Introduction

The micronucleus (MN) test as a short and easy assay for the evaluation of the effect of mutagenic action (Schmid 1975) is a suitable substitution for the time-consuming analysis chromosome aberrations (Countryman and Heddle 1976). Interphase cytogenetics is especially useful in genotoxicity studies as most mutagens decrease mitotic activity. Recently, the MN test with fluorescent stains proved to be more sensitive in detecting small micronuclei compared to the MN test using traditional methods, such as Feulgen’s reaction (Dias et al. 2005). Therefore, the use of fluorescence has been proposed as an accurate method for the detection of micronuclei. Interphase cytogenetics using fluorescence in situ hybridization (FISH) with specific DNA probes not only provides a sensitive tool to detect small chromosome rearrangements, but also offers the possibility of better understanding the origin of the micronuclei (Maluszynska et al. 2003). The micronucleus test applied with FISH employing chromosome or chromosome region specific DNA probes is widely applied in human cytogenetics, toxicological and radiation studies. In plant cytogenetics the repetitive DNA sequences recognizing a specific chromosome region, such as centromeres and telomeres, as well as rDNA are used most extensively as probes for FISH for plant chromosomes (Bolzan and Bianchi 2006). There is only one morphological type of micronuclei which differs in size, however they can originate from different chromosomes or chromosome fragments. It was proved that the MN assay using FISH with telomeric and/or centromeric DNA sequences is able to detect the clastogenic or aneugenic effect (Acar et al. 2001; Jovtchev et al. 2002). Studies concerning the evaluation of the origin of chemically induced micronuclei by maleic hydrazide (MH) and N-nitroso-N-methylurea (MNU) in barley cells were previously done by our group (Juchimiuk et al. 2007).
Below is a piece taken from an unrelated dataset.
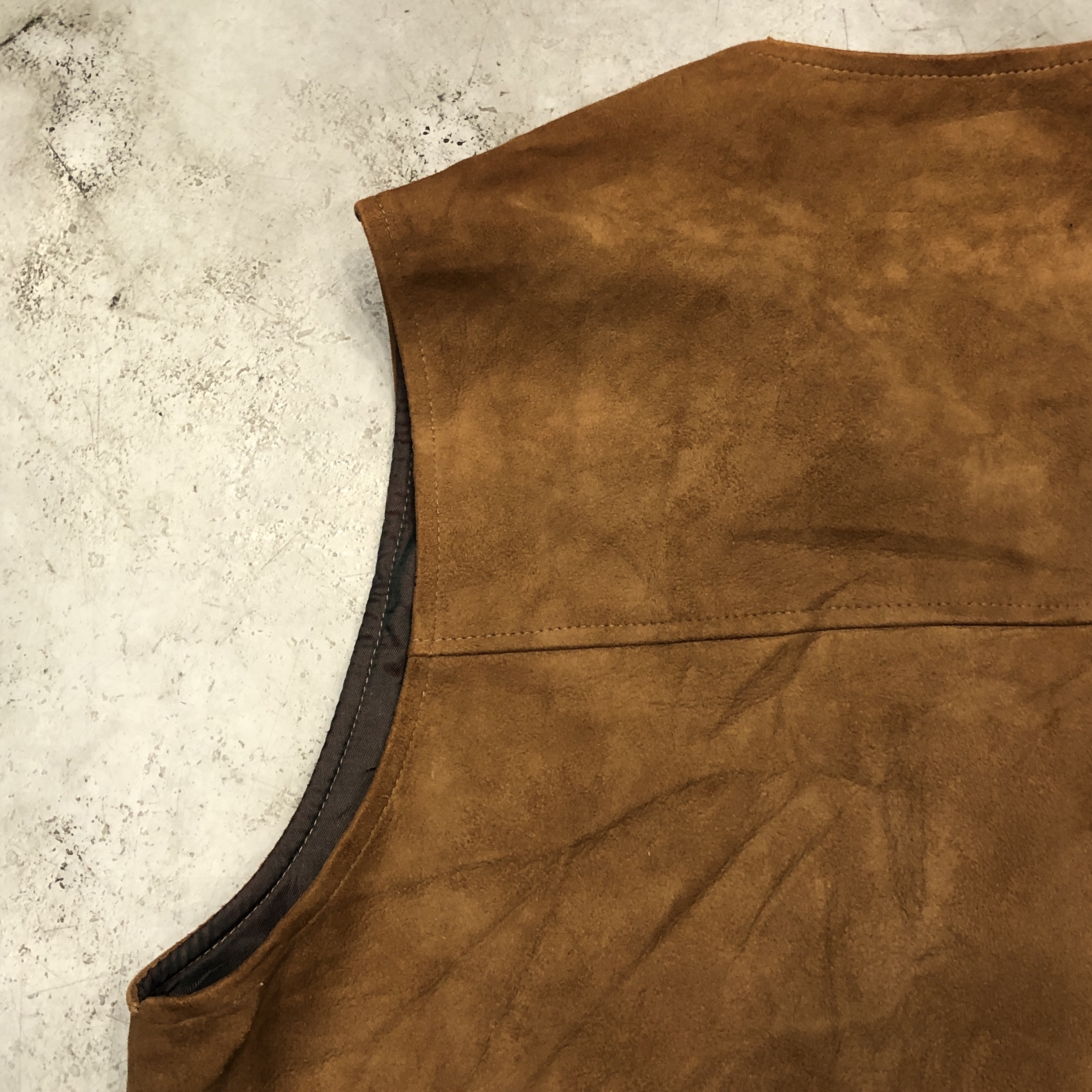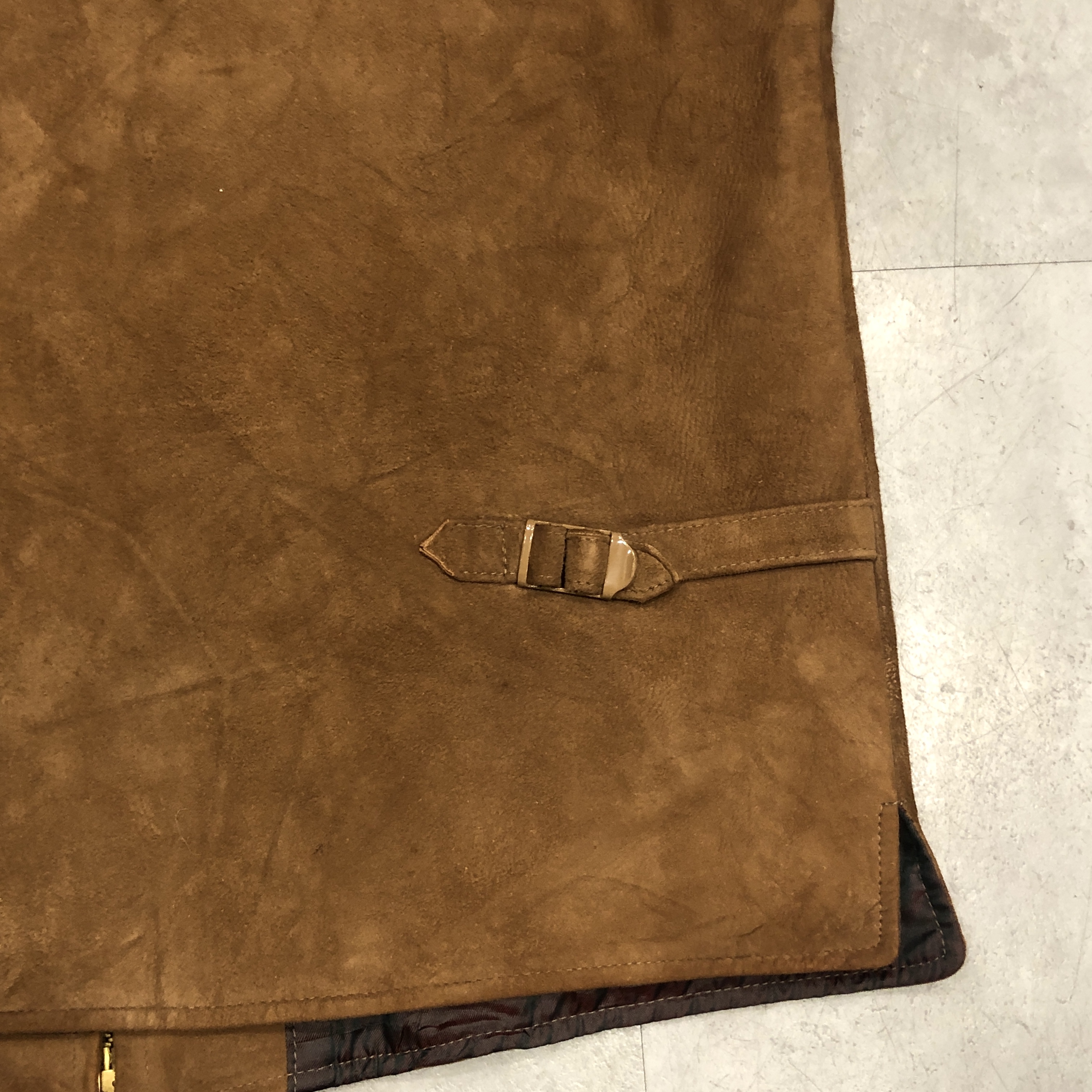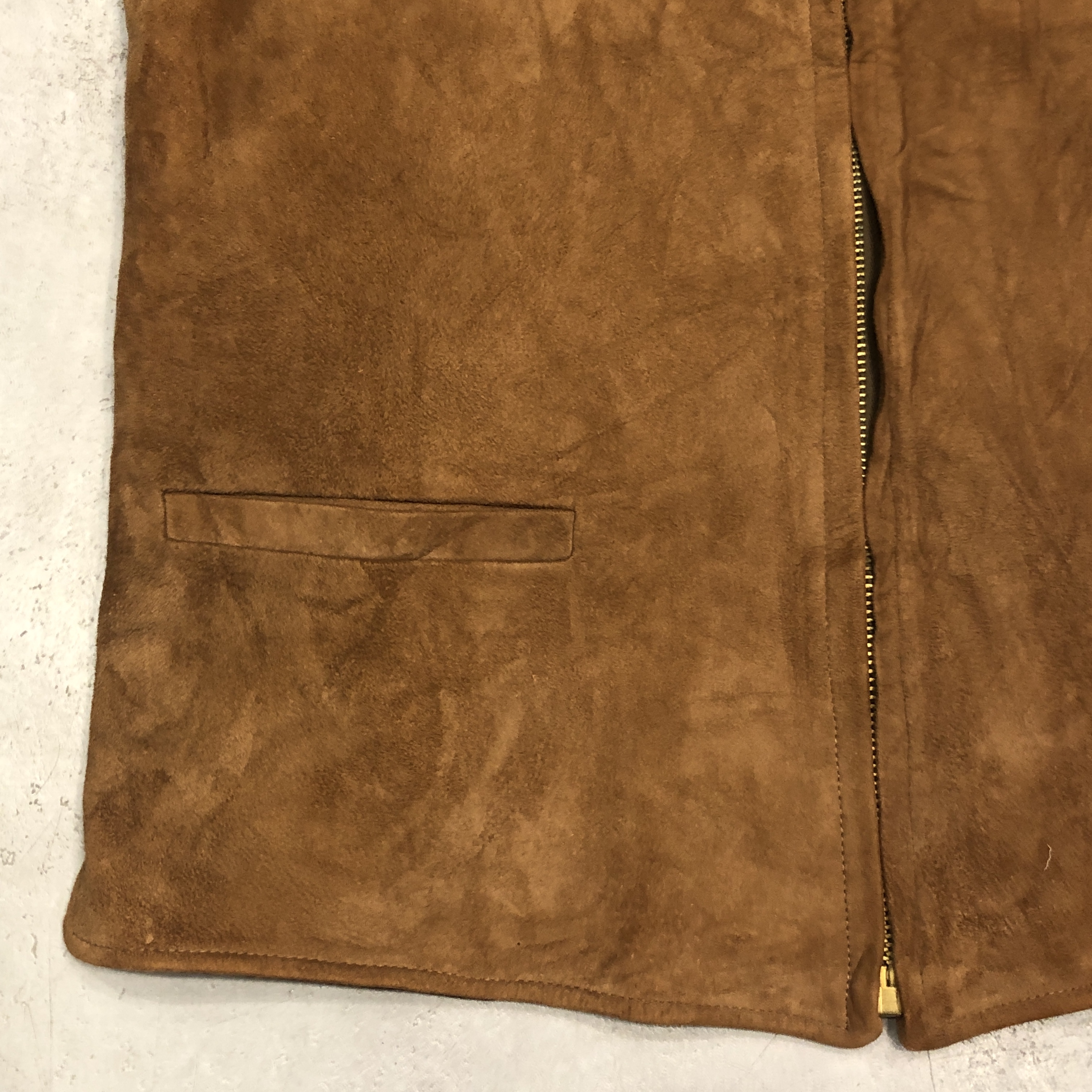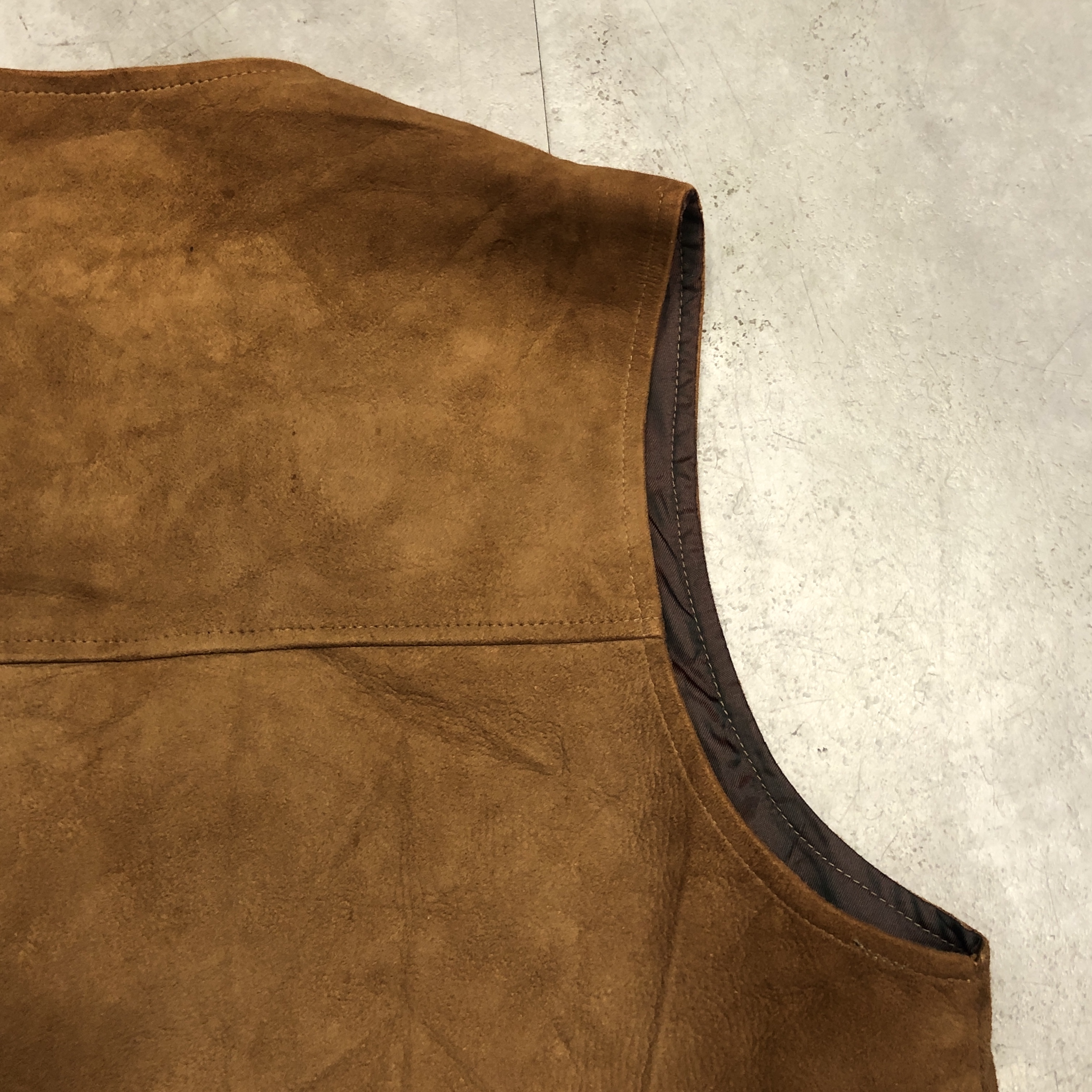 1960〜70年代製のヌバックベストが入荷しました。当時のA&Fといえば、現在のファッションブランドとは一線を画す、本格スポーツマンのための高級アウトフィッター。鹿革にも似た柔らかなヌバックレザーは着込むほどに身体に馴染み、擦れやオイルの染み込みさえも“味”として昇華していく極上の素材感です。フロントには真鍮製TALONジップ、背面にはシンチバック付きと、ディテールも実用一点張り。玉虫色に光るライニングとのコントラストもたまりません。ネルシャツの上からカウボーイ風に羽織るも良し、ウールジャケットの中に仕込んでアイビー風に決めるも良し。現行品では決して出せない渋みをまとった、大人のためのレザーベストです。

The cytogenetic effects of a gamma ray in the root tips of many plant species were measured previously (Evans and Hof 1975). The specific localization of the radiation induced chromosome aberrations using traditional chromosome staining has been the subject of studies in barley and other plant species (Natarajan and Ahnstrom 1970; Kunzel et al. 2001). A gamma ray, causing breaks in one or two chains of DNA, is routinely used in plant mutagenesis (Hagberg and Persson 1968) and most barley mutant varieties were developed by applying this type of radiation.
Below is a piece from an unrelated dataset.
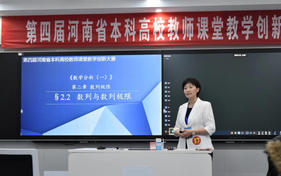 三尺讲台之上,一位老师身着白色西装,留着干练的短发,神采飞扬地讲解着“数列与数列极限”问题,她的讲解条理清晰、深入浅出,在课程结束后赢得一片掌声。她便是第四届河南省本科高校课堂教学创新大赛教授组特等奖获得者、正妹av
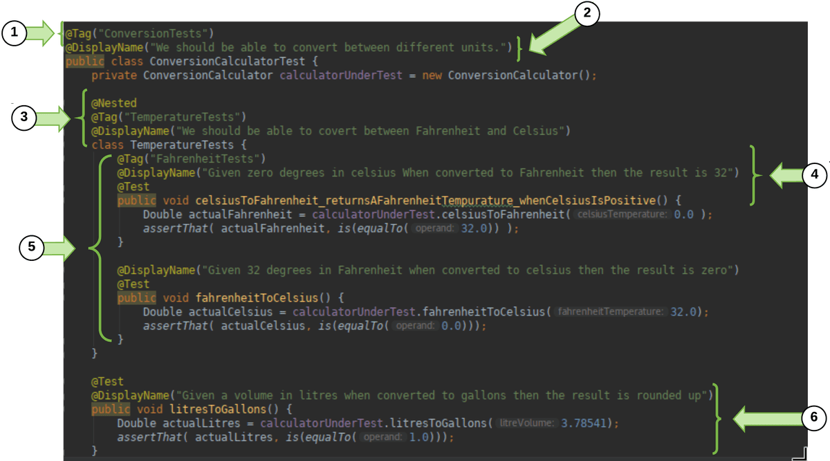 The method name should clearly describe what is being tested. It’s important to give your tests a name which describes what the test is checking for.

Here, we quantitatively analyze the gamma ray-induced micronuclei in order to examine the involvement of specific chromosomes or chromosome fragments in their formation. FISH with different DNA probes (5S and 25S rDNA, telomere- and centromere-specific DNA sequences) was applied in the analysis of the micronuclei. The next aim was a comparison of the possible origin of the micronuclei induced by physical and chemical treatment (MH and MNU) in Hordeum vulgare cells. H. vulgare, a model plant, was chosen as the majority of large chromosomes can be distinguished because of the specific localization of rDNA.

Material and methods

Material and treatment

Barley (Hordeum vulgare L., 2n = 14) seeds of the cv. ′Start′ were used. Two radiation doses were used: 175 Gy and 225 Gy. The irradiation was carried out in the International Atomic Energy Agency, Seibersdorf Laboratory, Austria. After irradiation the seeds were presoaked in distilled water for 8 h and germinated in Petri dishes at 21°C in the dark. Roots of M1 seedlings were used as the source of meristems for the investigations of aberrations. The material was fixed in ethanol:glacial acetic acid (3:1) at 60 h of germination.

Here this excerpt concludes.